[Provided data Boundary: Start]
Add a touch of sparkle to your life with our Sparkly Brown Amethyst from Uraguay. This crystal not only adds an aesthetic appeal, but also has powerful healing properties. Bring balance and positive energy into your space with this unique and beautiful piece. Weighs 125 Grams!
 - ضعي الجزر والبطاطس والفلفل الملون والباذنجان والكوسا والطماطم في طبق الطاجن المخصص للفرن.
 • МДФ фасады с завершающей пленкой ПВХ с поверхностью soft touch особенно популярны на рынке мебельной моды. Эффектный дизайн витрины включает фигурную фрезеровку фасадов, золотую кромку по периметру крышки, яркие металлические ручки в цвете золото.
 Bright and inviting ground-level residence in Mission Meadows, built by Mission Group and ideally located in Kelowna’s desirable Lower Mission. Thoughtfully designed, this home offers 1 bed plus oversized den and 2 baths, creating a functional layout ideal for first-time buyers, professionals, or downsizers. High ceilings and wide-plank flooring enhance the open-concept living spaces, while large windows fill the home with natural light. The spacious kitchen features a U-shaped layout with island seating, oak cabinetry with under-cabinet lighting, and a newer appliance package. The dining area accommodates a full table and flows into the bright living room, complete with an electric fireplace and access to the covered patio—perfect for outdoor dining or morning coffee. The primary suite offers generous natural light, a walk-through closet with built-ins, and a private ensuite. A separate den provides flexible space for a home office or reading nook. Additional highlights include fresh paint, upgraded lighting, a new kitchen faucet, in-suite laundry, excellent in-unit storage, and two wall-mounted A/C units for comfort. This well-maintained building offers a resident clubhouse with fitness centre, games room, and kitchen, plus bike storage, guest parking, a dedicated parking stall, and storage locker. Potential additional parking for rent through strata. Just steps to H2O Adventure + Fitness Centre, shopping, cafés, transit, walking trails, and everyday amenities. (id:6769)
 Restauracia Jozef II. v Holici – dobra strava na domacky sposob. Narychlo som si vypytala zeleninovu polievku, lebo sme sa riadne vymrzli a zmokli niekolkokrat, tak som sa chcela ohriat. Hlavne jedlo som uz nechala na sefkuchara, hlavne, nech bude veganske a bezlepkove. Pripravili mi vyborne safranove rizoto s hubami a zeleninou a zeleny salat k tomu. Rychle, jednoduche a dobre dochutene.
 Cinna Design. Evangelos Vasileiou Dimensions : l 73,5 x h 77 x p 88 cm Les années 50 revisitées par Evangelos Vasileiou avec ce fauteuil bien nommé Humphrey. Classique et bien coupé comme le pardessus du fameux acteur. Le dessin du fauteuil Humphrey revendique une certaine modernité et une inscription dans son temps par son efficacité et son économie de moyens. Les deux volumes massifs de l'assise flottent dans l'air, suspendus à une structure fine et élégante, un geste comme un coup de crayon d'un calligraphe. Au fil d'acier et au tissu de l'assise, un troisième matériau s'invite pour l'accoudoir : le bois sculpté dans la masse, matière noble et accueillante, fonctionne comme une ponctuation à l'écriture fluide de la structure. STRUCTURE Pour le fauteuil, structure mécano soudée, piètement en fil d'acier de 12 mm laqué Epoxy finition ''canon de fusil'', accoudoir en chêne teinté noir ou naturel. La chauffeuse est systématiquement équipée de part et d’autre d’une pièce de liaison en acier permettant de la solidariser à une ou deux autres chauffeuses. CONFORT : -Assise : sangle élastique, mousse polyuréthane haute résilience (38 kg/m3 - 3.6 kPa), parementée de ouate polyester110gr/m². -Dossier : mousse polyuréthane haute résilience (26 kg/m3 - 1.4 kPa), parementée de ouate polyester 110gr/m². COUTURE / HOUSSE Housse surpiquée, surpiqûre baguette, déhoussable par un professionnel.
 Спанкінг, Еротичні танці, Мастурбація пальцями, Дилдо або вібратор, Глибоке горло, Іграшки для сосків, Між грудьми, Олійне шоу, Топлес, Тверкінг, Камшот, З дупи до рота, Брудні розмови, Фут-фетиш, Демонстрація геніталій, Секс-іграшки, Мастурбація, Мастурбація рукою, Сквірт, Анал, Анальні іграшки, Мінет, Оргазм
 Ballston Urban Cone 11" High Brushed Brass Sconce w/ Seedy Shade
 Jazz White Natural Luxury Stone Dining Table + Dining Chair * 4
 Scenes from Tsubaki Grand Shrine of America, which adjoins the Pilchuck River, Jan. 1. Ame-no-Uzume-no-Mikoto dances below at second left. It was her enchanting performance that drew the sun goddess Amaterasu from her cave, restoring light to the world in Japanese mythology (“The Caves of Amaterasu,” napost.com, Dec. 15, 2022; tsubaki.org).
[Provided data Boundary: End]
__Required work__.
Beginning with the line containing "- ضعي الجزر" and ending with the line containing "в цвете золото.", extract those lines exactly from the listing above, and only those.

__The completed task__.
 - ضعي الجزر والبطاطس والفلفل الملون والباذنجان والكوسا والطماطم في طبق الطاجن المخصص للفرن.
 • МДФ фасады с завершающей пленкой ПВХ с поверхностью soft touch особенно популярны на рынке мебельной моды. Эффектный дизайн витрины включает фигурную фрезеровку фасадов, золотую кромку по периметру крышки, яркие металлические ручки в цвете золото.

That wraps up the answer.